This is tricky. You could try doing something with the ShingleFilter
(http://wiki.apache.org/solr/AnalyzersTokenizersTokenFilters#solr.ShingleFilterFactory)
at _query time_ to turn the users query:
"i have a swollen foot" into:
"i", "i have", "i have a", "i have a swollen", .... "have", "have a",
"have a swollen"... etc.
I _think_ you can get the ShingleFilter factory to do that.
But now you only want to exclude if one of those shingles matches the
ENTIRE "anti-word". So maybe index as non-tokenized, so each of those
shingles will somehow only match on the complete thing. You'd want to
normalize spacing and punctuation.
But then you need to turn that into a _negated_ element of your query.

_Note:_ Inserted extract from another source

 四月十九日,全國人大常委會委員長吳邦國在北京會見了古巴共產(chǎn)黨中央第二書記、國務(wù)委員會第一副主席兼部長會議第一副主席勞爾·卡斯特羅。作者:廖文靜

Perhaps by using an fq with a NOT/"-" in it? And a query which 'matches'
(causing 'not' behavior) if _any_ of the shingles match.

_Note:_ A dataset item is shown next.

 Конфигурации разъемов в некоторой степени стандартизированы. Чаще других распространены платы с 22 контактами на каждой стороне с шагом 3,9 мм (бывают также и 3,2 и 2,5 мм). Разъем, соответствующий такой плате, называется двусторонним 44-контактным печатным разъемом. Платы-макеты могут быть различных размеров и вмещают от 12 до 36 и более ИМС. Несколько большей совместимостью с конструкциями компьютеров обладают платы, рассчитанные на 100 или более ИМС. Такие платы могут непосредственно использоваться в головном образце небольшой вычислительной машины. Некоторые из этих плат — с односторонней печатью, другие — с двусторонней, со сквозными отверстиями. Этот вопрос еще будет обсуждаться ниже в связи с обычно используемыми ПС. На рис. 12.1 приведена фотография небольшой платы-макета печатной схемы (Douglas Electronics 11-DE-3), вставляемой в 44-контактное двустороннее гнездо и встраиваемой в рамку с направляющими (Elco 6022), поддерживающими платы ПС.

I have no idea if it's actually possible to put these things together in
that way. A non-tokenized field? Which still has it's queries
shingle-ized at query time? And then works as a negated query, matching
for negation if any of the shingles match? Not really sure how to put
that together in your solrconfig.xml and/or application logic if needed.
You could try.
Another option would be doing the query-time 'shingling' in your app,
and then it's a somewhat more normal Solr query. &fq= -"shingle one"
-"shingle two" -"shingle three" etc. Or put em in seperate fq's
depending on how you want to use your filter cache. Still searching on a
non-tokenized field, and still normalizing on white-space and
punctuation at both index time and (using same normalization logic but
in your application logic this time) query time. I think that might work.
So I'm not really sure, but maybe that gives you some ideas.
Jonathan
Satish Kumar wrote:
Hi,
We have a requirement to NOT display search results if user query contains
terms that are in our anti-words field. For example, if user query is "I
have swollen foot" and if some records in our index have "swollen foot" in
anti-words field, we don't want to display those records. How do I go about
implementing this?
NOTE 1: anti-words field can contain multiple values. Each value can be a
one or multiple words (e.g. "swollen foot", "headache", etc. )
NOTE 2: the match must be exact. If anti-words field contains "swollen foot"
and if user query is "I have swollen foot", record must be excluded. If user
query is "My foot is swollen", the record should not be excluded.
Any pointers is greatly appreciated!
Thanks,
Satish